Beginning with the line that contains "Walnuts. Walnut kernels" and ending with the line that contains "Planetary Star Systems: Bhint, Maekir, Rana, Vani", reproduce the lines of the entries below exactly, omitting pictures.
==================================================
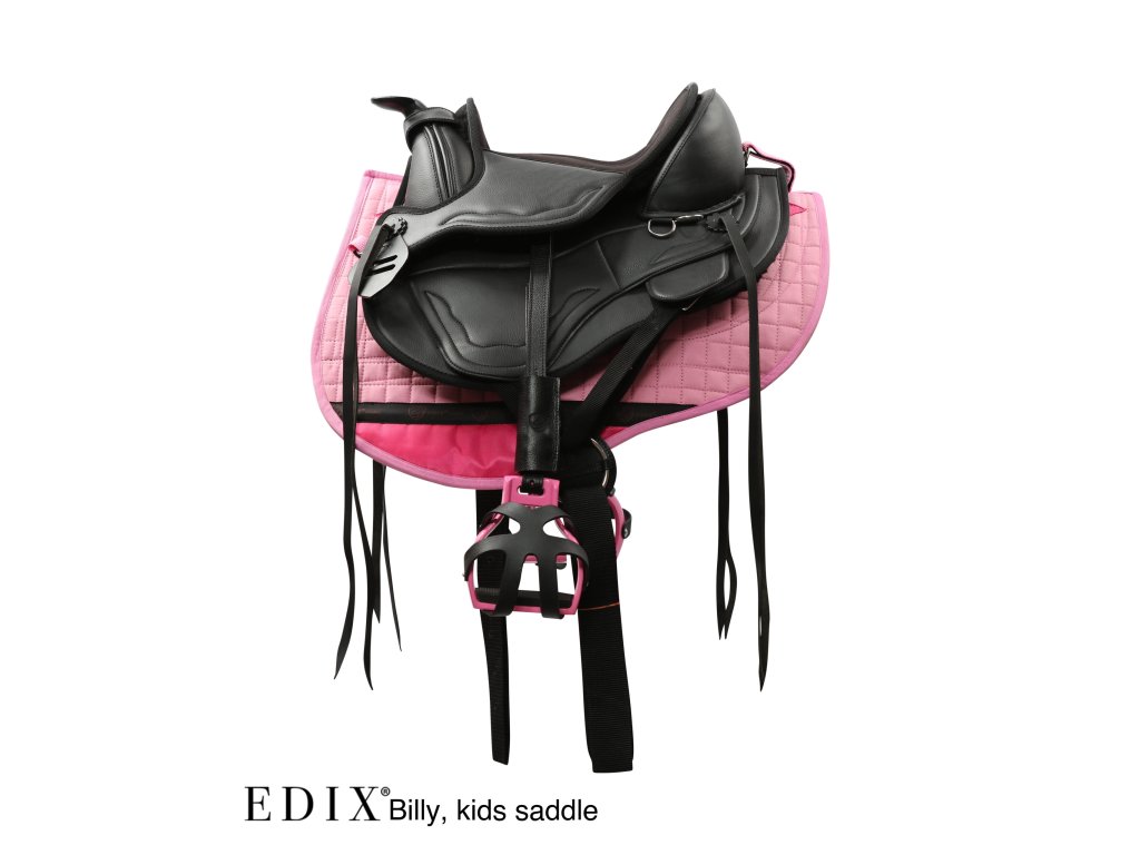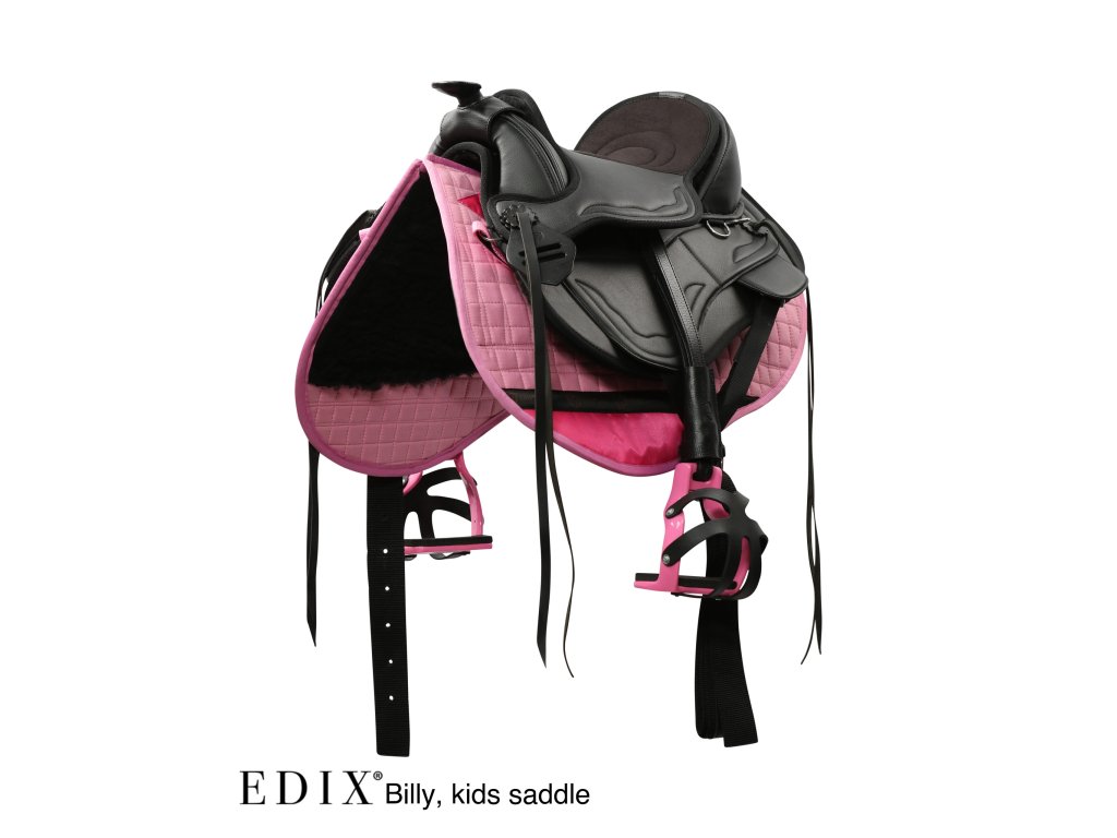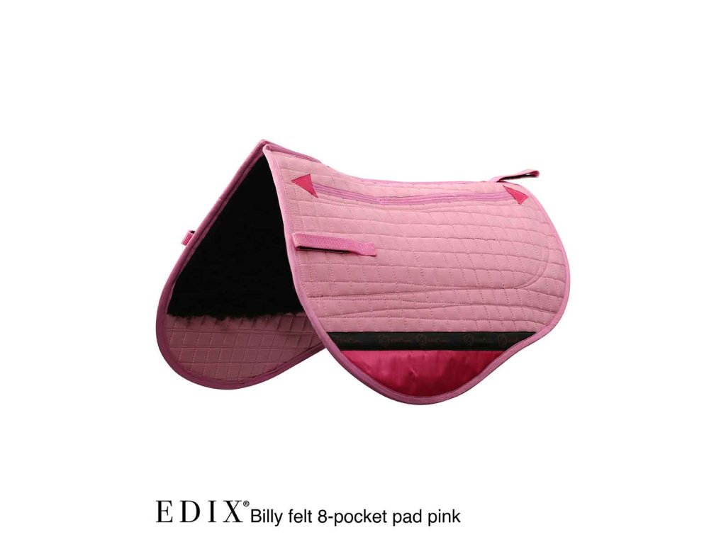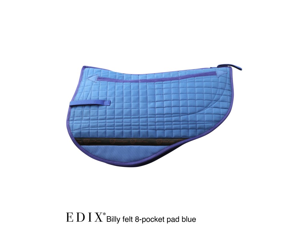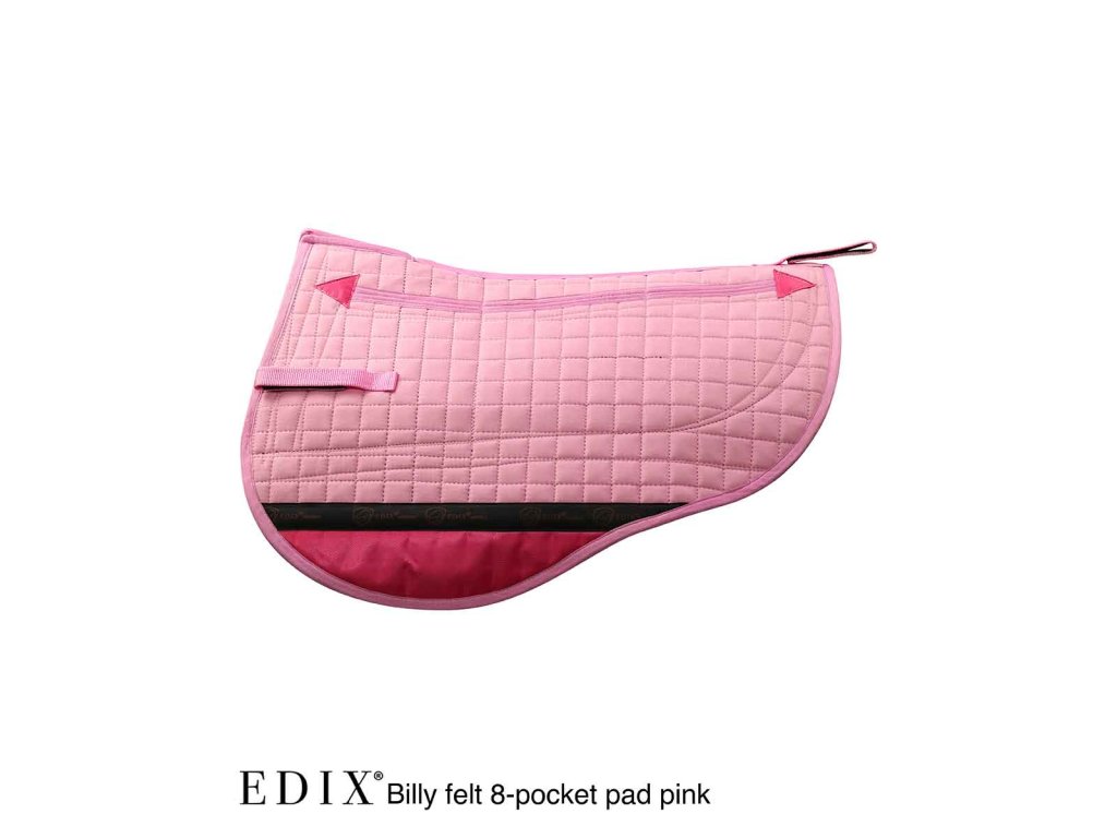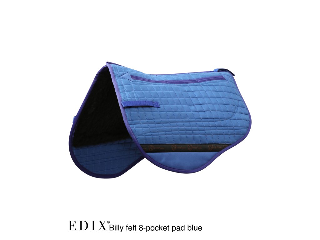 Vrchní část je vyrobena z odolné směsi poly-bavlny, na které jsou na levé i pravé straně podložky přišity 3 samostatné vkládací kapsy s vrstvou plsti, a to v úrovni vkládacích kapes na vnitřní straně. Vnitřek podložky má 2 velké vkládací kapsy, do kterých lze umístit vložky. Spodní část horní části podložky, kde se noha jezdce při jízdě tře, má nylonovou výztuhu, která zabraňuje opotřebení. Spodní část podložky je zakončena syntetickou vlnou a samostatné zasouvací přihrádky na levé i pravé straně podložky vytvářejí volný páteřní kanál. Plstěná podložka Billy perfektně padne pod dětské westernové sedlo EDIX Billy, ale i pod westernové sedla jiných značek.
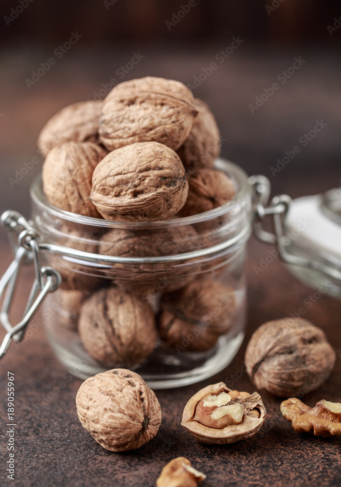 Walnuts. Walnut kernels and whole walnuts on rustic table.
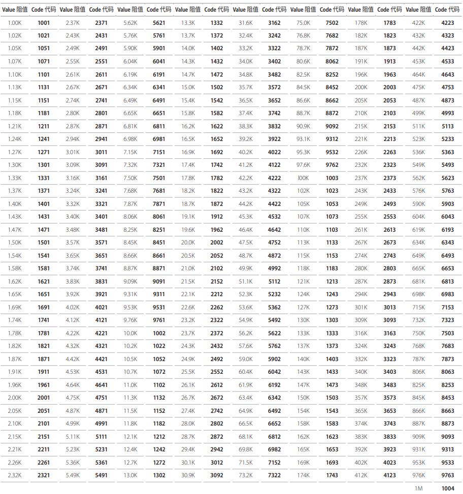 E-96系列標(biāo)準(zhǔn)厚聲電阻阻值和料號系統(tǒng)使用代碼((4 位 , 0.1%、0.25%、0.5%、1% 公差)
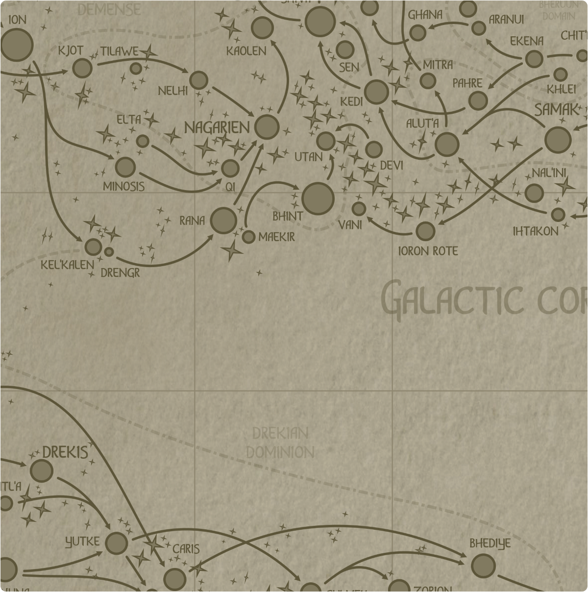 Planetary Star Systems: Bhint, Maekir, Rana, Vani Orphan Stars: 2 Dwarf Stars: 10 Empire: Nagari demense Adjacent Sectors: Sector k7, Sector k9, Sector j8, Sector l8
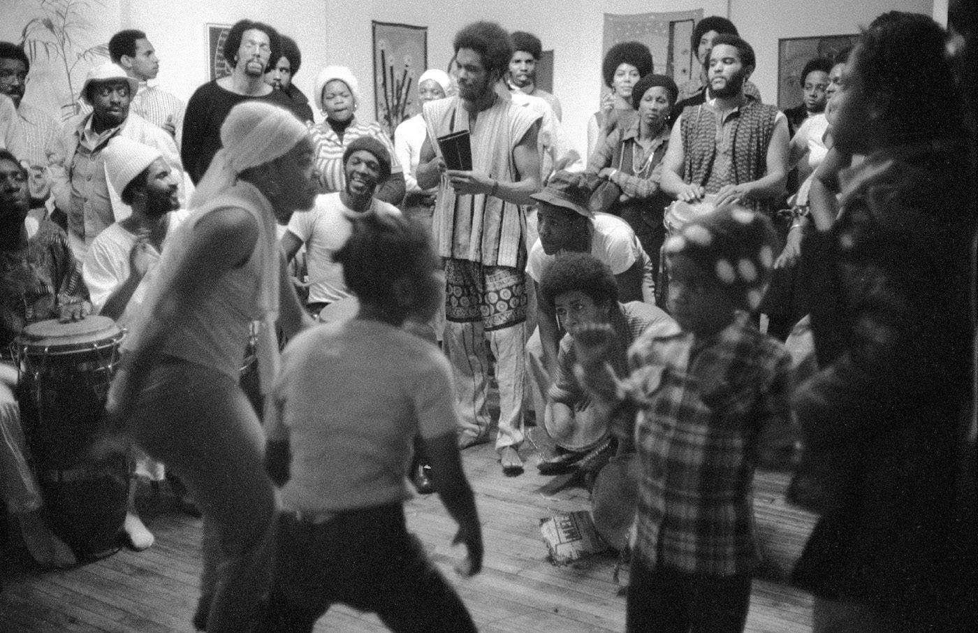 Dawoud Bey playing with drummers and dancers at the Studio Museum in Harlem, 1977. Photograph by Marilyn Nance
==================================================
* Solved exercise:
 Walnuts. Walnut kernels and whole walnuts on rustic table.
 E-96系列標(biāo)準(zhǔn)厚聲電阻阻值和料號系統(tǒng)使用代碼((4 位 , 0.1%、0.25%、0.5%、1% 公差)
 Planetary Star Systems: Bhint, Maekir, Rana, Vani Orphan Stars: 2 Dwarf Stars: 10 Empire: Nagari demense Adjacent Sectors: Sector k7, Sector k9, Sector j8, Sector l8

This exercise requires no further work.